What this means for VAST is that these field types will always use UTF-16 as their encoding, regardless of the encoding configured for the connection (typically UTF-8).
The field length for string datatypes (such as CHAR, VARCHAR, etc.) has historically been defined assuming that one byte equals one character, which of course has major limitations when trying to store international text where a single character may be encoded as multiple bytes, resulting in truncation issues.
So instead of defining the length of these strings in terms of bytes (byte semantics), character semantics allows the length to be defined in terms of characters. In character semantics, the length of a string is measured by the number of characters it contains, regardless of the number of bytes each character occupies.
But for most database engines, a "character" (in character semantics) means a "codepoint" in Unicode terms, which in VAST is mapped to a UnicodeScalar. In VAST, a UnicodeScalar can be combined with others to form a multi-scalar Grapheme, which in turn can be combined with other graphemes to form a UnicodeString.
Some database engines only support character semantics, others have it as a database setting, and others allow you to specify it on a per-column basis using something like VARCHAR(20 BYTE) or VARCHAR(20 CHAR). VAST will understand these differences and map them transparently when reading and writing UnicodeString to and from these fields.

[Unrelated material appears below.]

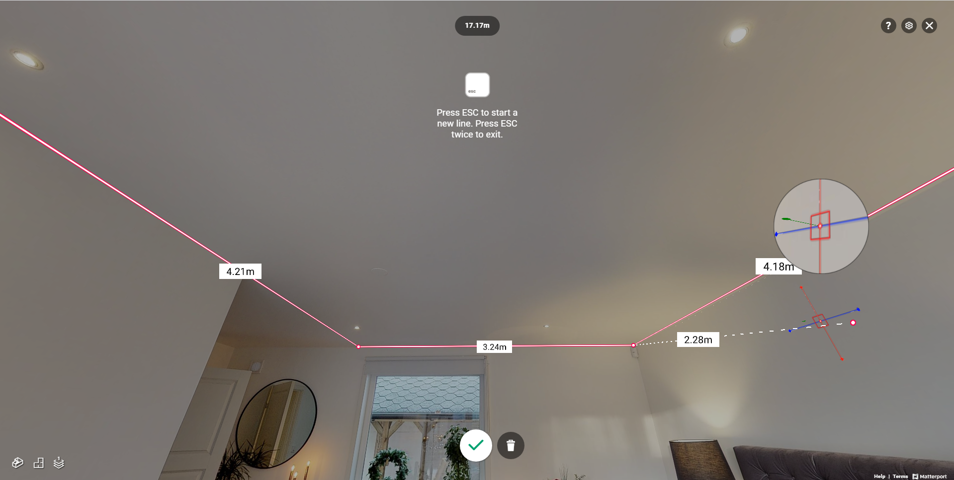 The measurement modes feature allows viewers to take accurate measurements of different areas of the property.

Our Unicode support doesn't stop at the base layer of database management, and we have also added support to our featured ORM, the well-known GLORP framework.
Enabling Unicode support in GLORP is quite simple and the only requirement to use Unicode is to enable it at the DBM manager level, i.e. you enable it in the AbtDatabaseManager subclass for ODBC, Oracle, DB2, PostgreSQL or SQLite. For example:
"Enables Unicode Support"
session accessor unicodeEnabled: true.
"Saves persons with names in different languages"
session save: (GlorpPerson named: 'Ἀπόλλων' utf8AsUnicodeString).
session save: (GlorpPerson named: 'Андрей' utf8AsUnicodeString).
session save: (GlorpPerson named: '老子' utf8AsUnicodeString).
"Reads using an expression block that involves a UnicodeString"
person := session readOneOf: GlorpPerson where: [:each | each name ='Ἀπόλλων' utf8AsUnicodeString ].
person a GlorpPerson(3806478,'Ἀπόλλων')This is because creating new connections in GLORP is done in a way that doesn't allow us to add a custom configuration block. We could have modified the code to behave similarly to the DBM classes, but even as we maintain a fork of this open-source project, we try to keep the codebase as close as possible to that of other dialects to facilitate porting and merging of new features in both directions.
The introduction of Unicode support in VAST 13.0.0 is a significant step in our roadmap to support Unicode across all of our libraries. Designed as an opt-in option, this new feature provides users with the much-needed ability to efficiently handle Unicode text across multiple database platforms. With this update, VAST's Database Management (DBM) libraries have been significantly enhanced to overcome the limitations previously imposed by limited code pages.